Labels go in column 0 or 1

> +     ret = 0;
> +     goto out_ret;
> +
> +      out_resched:
> +     lowcomms_data_ready(sctp_con.sock->sk, 0);
> +     ret = 0;
> +     schedule();

What's the random schedule() for?  If !need_reached() it's just a waste of
cycles.

> +     goto out_ret;
> +
> +      out_close:
> +     if (ret != -EAGAIN)
> +             log_print("error reading from sctp socket: %d", ret);
> +      out_ret:
> +     return ret;
> +}
> +
>
> ...
>
> +void *dlm_lowcomms_get_buffer(int nodeid, int len, gfp_t allocation, char 
> **ppc)
> +{
> +     struct writequeue_entry *e;
> +     int offset = 0;
> +     int users = 0;
> +     struct nodeinfo *ni;
> +
> +     if (!atomic_read(&accepting))
> +             return NULL;

hm, this looks racy.  What happens if `accepting' goes to zero 50
nanoseconds later?

> +     ni = nodeid2nodeinfo(nodeid, allocation);
> +     if (!ni)
> +             return NULL;
> +
> +     spin_lock(&ni->writequeue_lock);
> +     e = list_entry(ni->writequeue.prev, struct writequeue_entry, list);
> +     if (((struct list_head *) e == &ni->writequeue) ||

That typecast looks fishy.  Perhaps a container_of() or something would be
clearer.

> +         (PAGE_CACHE_SIZE - e->end < len)) {
> +             e = NULL;
> +     } else {
> +             offset = e->end;
> +             e->end += len;
> +             users = e->users++;
> +     }
> +     spin_unlock(&ni->writequeue_lock);
> +
> +     if (e) {
> +           got_one:

whoa, how'd that label get all the way over there?

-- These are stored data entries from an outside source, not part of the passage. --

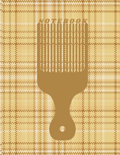 Golden Plaid Afro Pick Notebook for Afro Hair Culture: 8.5"x11" 120 page writer's line journal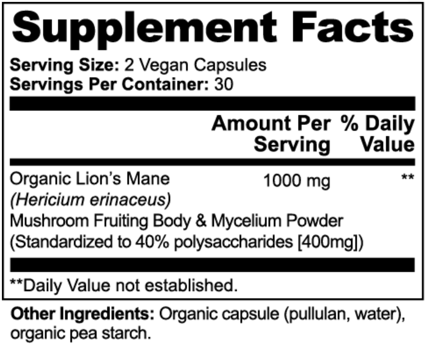 Studies suggest Lion’s Mane Mushroom Extract has been shown to benefit the following: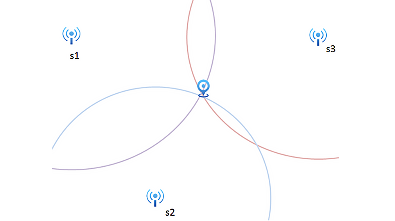 圖1-3是根據(jù)到各個基站的測距信息,以基站為中心畫圓,就可以得到一個交點,交點就是標簽的位置。

> +             if (users == 0)
> +                     kmap(e->page);
> +             *ppc = page_address(e->page) + offset;
> +             return e;
> +     }
> +
> +     e = new_writequeue_entry(allocation);
> +     if (e) {
> +             spin_lock(&ni->writequeue_lock);
> +             offset = e->end;
> +             e->end += len;
> +             e->ni = ni;
> +             users = e->users++;
> +             list_add_tail(&e->list, &ni->writequeue);
> +             spin_unlock(&ni->writequeue_lock);
> +             goto got_one;
> +     }
> +     return NULL;
> +}
> +
>
> ...
>
> +static void initiate_association(int nodeid)
> +{
> +     struct sockaddr_storage rem_addr;
> +     static char outcmsg[CMSG_SPACE(sizeof(struct sctp_sndrcvinfo))];

Another static buffer to worry about.  Globally singly-threaded code?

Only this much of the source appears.